We got to see what kind of dad Harry became (a Just Doing The Best He Could one) but it would have been nice to see what kind of mother Ginny was. Especially at the point where Harry just kept blundering in and making things worse, I would have thought that Ginny would have intervened. Again, we got some tiny little glimpses of Ginny’s experience in her first year with Tom Riddle’s diary, but again, it didn’t feel like enough? As a character she always seems a little bit blank to me. Maybe that’s just the nature of the game – there was never enough space for her around the Golden Trio – but it’s a bit sad.
As I think everyone in the universe who’s read the play has opined, I would love to see how they do it on stage. It must be insane. I did find some of the stage directions were written a bit breathlessly though. I guess everyone has their own way of writing them, and as I’ve said, plays aren’t something I read a lot – and this play was pretty much expressly written to be read by the lay public, as was Fantastic Beasts and Where to Find Them – so chalk this up as an observation rather than a criticism.

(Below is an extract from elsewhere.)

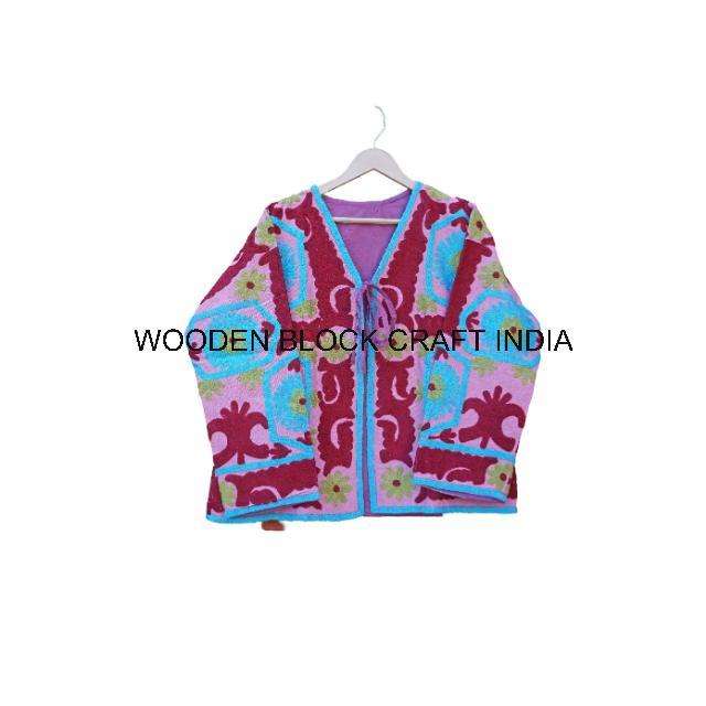 เสื้อแจ็คเก็ตผ้าฝ้ายถักลายปักซูซานีทำมือ 100% คอถอดได้ ระบายอากาศดี เป็นมิตรกับสิ่งแวดล้อม ลายดอกไม้ ใส่ได้ทุกฤดู

Scorpius and Albus’s friendship was one of my favourite parts of the whole thing. Seeing what kind of dad Draco had become was almost more interesting than Harry, because Draco had a lot more changing to do from teenager to middle-aged man. Seeing how he dealt with being an ex-Death Eater, knowing he’d have it hanging over him his whole life and no one would ever let him forget it, how Astoria changed him (not that we got to see that directly, alas), how he tried to protect Scorpius from facing the consequences of what he’d done. And Scorpius mentioned that he thought he’d disappointed his dad, but Draco never seemed to show that at all. He was just fiercely protective of him.
The Polyjuice shenanigans and alternate timelines were really fun (and awful when necessary of course) and must be really great to act, and maybe one day we poor plebs will get the chance to actually see it happen. I’d love to stitch “You’re upsetting the Dementors and entirely ruining Voldemort Day.” one day. What a brilliant line to end Part One on.
All in all, I know I didn’t get as much out of it as I would have done by experiencing it the way it was meant to be experienced, but I did enjoy the read, and if I ever do get the chance to see it, I definitely will.